** What you need to do **
When the line with "When the mode" turns up below, begin repeating exactly, and carry on through the line with "Esse acessório é"; no pictures go into the copy.
Segment Start: The data
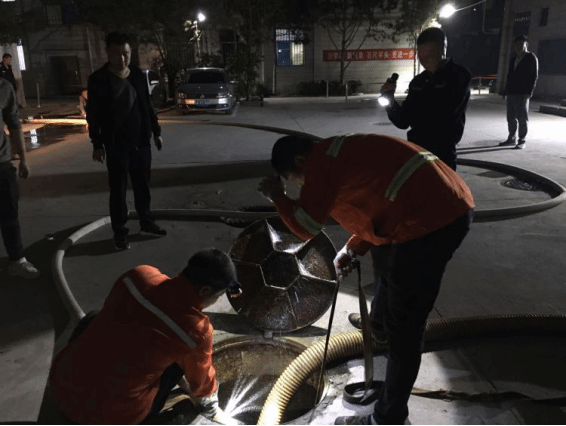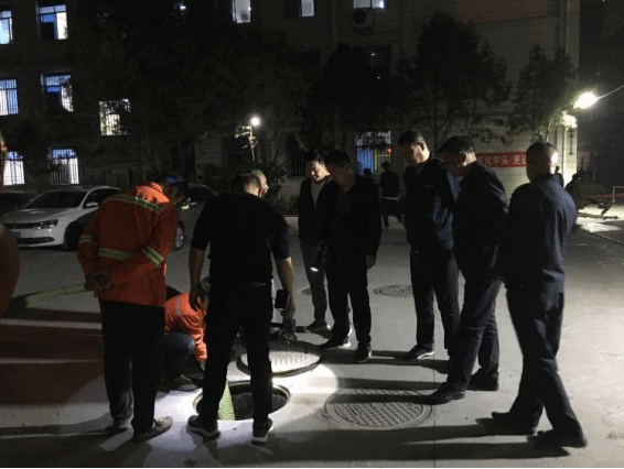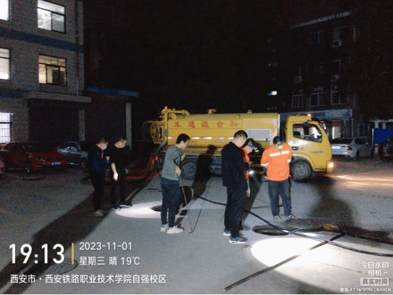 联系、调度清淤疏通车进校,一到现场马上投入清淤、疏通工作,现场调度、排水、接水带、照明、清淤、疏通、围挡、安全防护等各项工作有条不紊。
Segment End: The data
Segment Start: The data
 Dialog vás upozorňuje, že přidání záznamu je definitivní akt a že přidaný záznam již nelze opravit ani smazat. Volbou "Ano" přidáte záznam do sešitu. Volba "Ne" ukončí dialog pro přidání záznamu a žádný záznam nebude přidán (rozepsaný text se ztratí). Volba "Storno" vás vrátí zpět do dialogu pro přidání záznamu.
Segment End: The data
Segment Start: The data
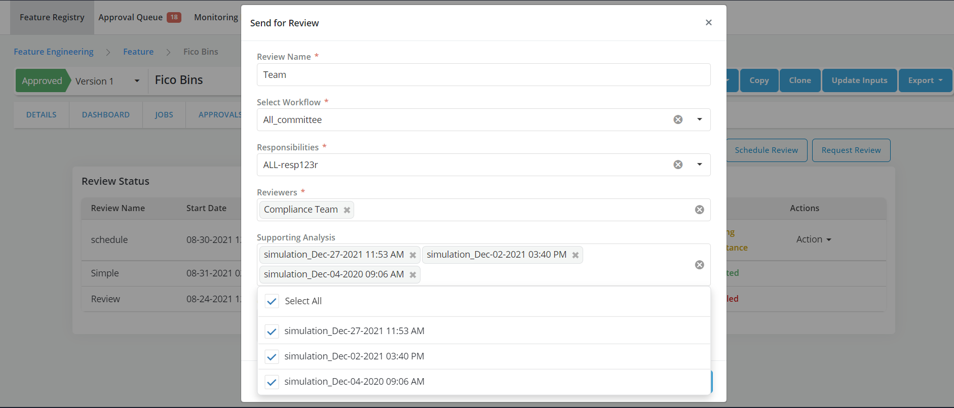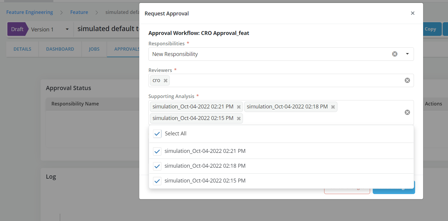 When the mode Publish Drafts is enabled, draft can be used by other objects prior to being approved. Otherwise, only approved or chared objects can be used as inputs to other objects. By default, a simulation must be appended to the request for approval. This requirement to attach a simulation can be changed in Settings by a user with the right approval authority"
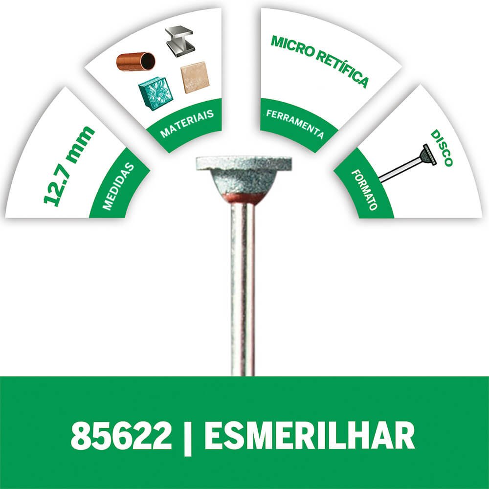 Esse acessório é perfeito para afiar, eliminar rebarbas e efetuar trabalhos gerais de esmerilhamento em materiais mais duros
Segment End: The data
** Problem solution **
 When the mode Publish Drafts is enabled, draft can be used by other objects prior to being approved. Otherwise, only approved or chared objects can be used as inputs to other objects. By default, a simulation must be appended to the request for approval. This requirement to attach a simulation can be changed in Settings by a user with the right approval authority"
 Esse acessório é perfeito para afiar, eliminar rebarbas e efetuar trabalhos gerais de esmerilhamento em materiais mais duros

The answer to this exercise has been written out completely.